Recorded data ::
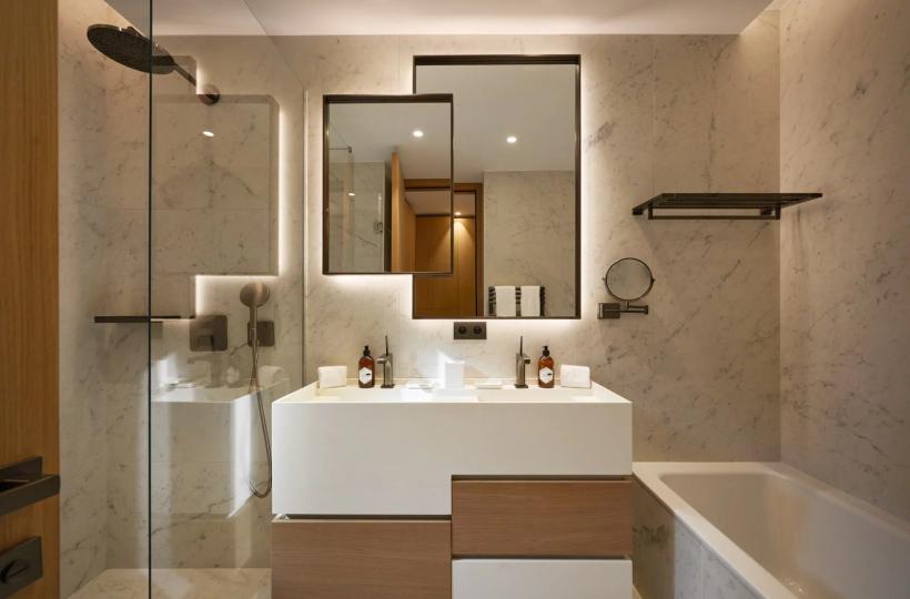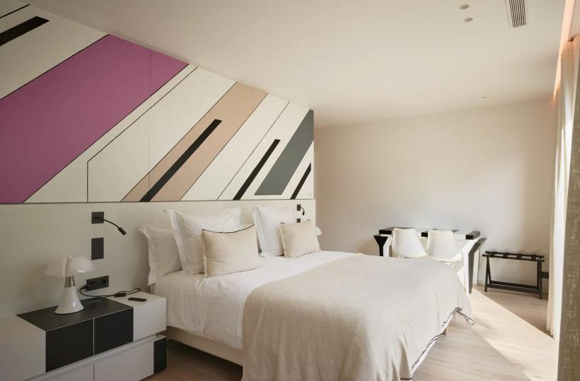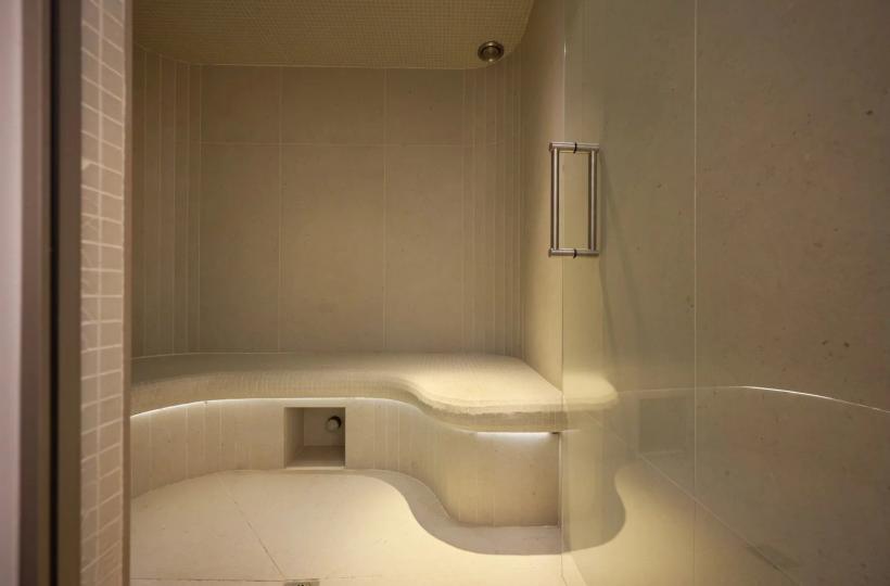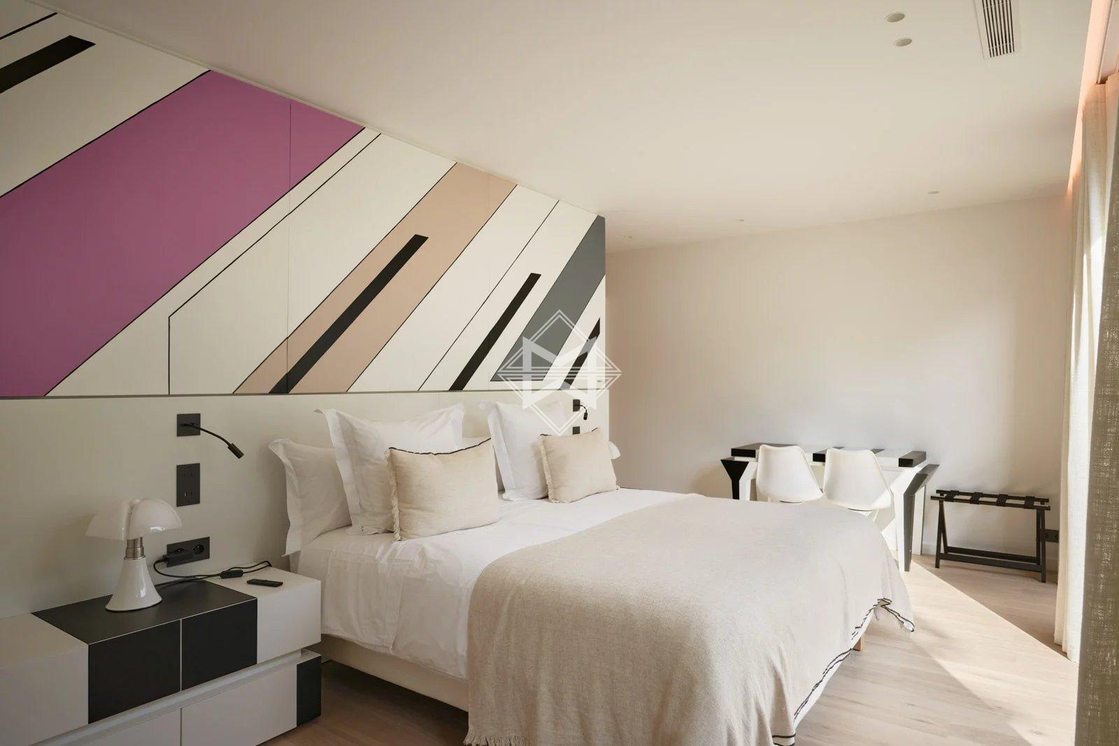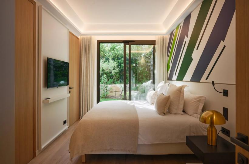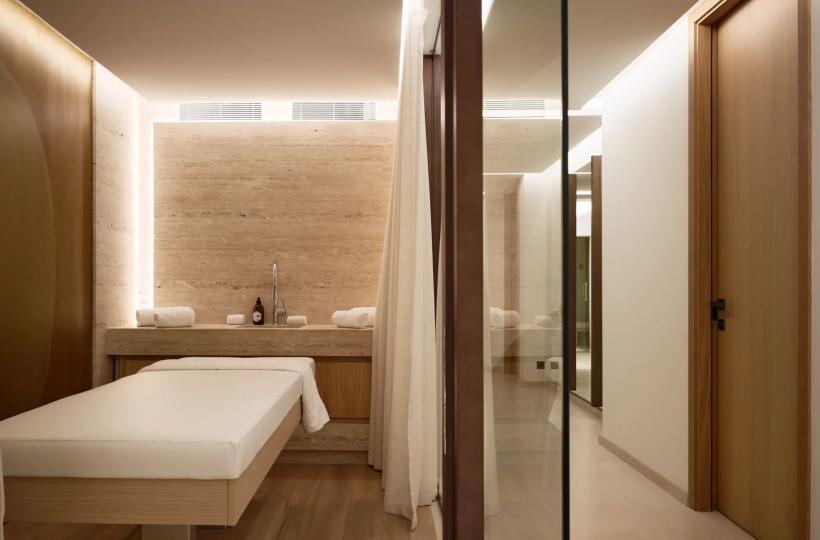 This villa features five en-suite bedrooms, including one upstairs with its own private balcony. The lower level is dedicated to wellness, with a massage room, a gym, a hammam, and two additional staff bedrooms.
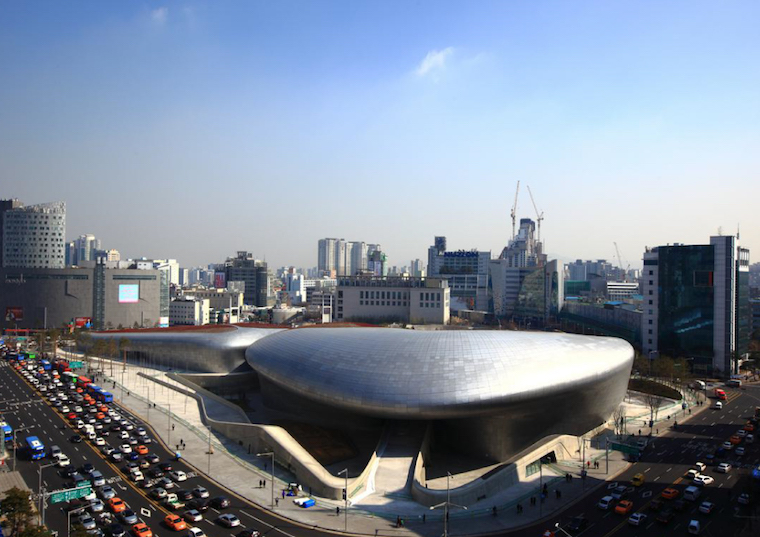 Toàn cảnh trung tâm thương mại Dongadaemum Design Plaza với lối kiến trúc tương lai.
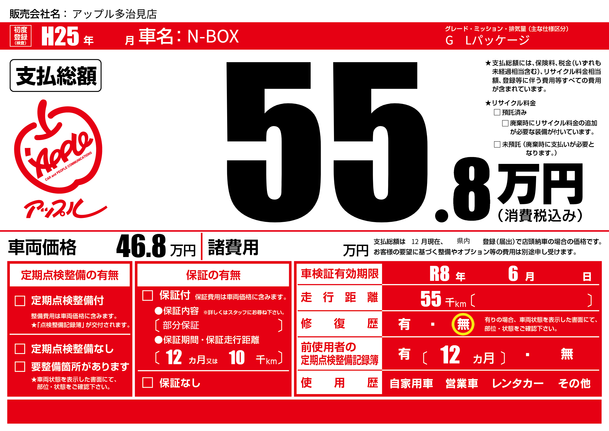 | 車名 | N-BOX | グレード ミッション 排気量 |
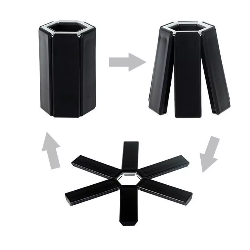 This heat-resistant mat is made from high-quality plastic with a smooth, plated surface that’s both sleek and durable. Measuring approximately 7.5 x 7.5 inches when opened and just under 1 inch thick, it supports a variety of cookware sizes while remaining lightweight and compact. Its foldable design allows you to tuck it away in drawers or hang it for easy access—ideal for kitchens of all sizes.

Task :: Reproduce the listing word for word and omit its pictures.

Result of the exercise ::
 This villa features five en-suite bedrooms, including one upstairs with its own private balcony. The lower level is dedicated to wellness, with a massage room, a gym, a hammam, and two additional staff bedrooms.
 Toàn cảnh trung tâm thương mại Dongadaemum Design Plaza với lối kiến trúc tương lai.
 | 車名 | N-BOX | グレード ミッション 排気量 |
 This heat-resistant mat is made from high-quality plastic with a smooth, plated surface that’s both sleek and durable. Measuring approximately 7.5 x 7.5 inches when opened and just under 1 inch thick, it supports a variety of cookware sizes while remaining lightweight and compact. Its foldable design allows you to tuck it away in drawers or hang it for easy access—ideal for kitchens of all sizes.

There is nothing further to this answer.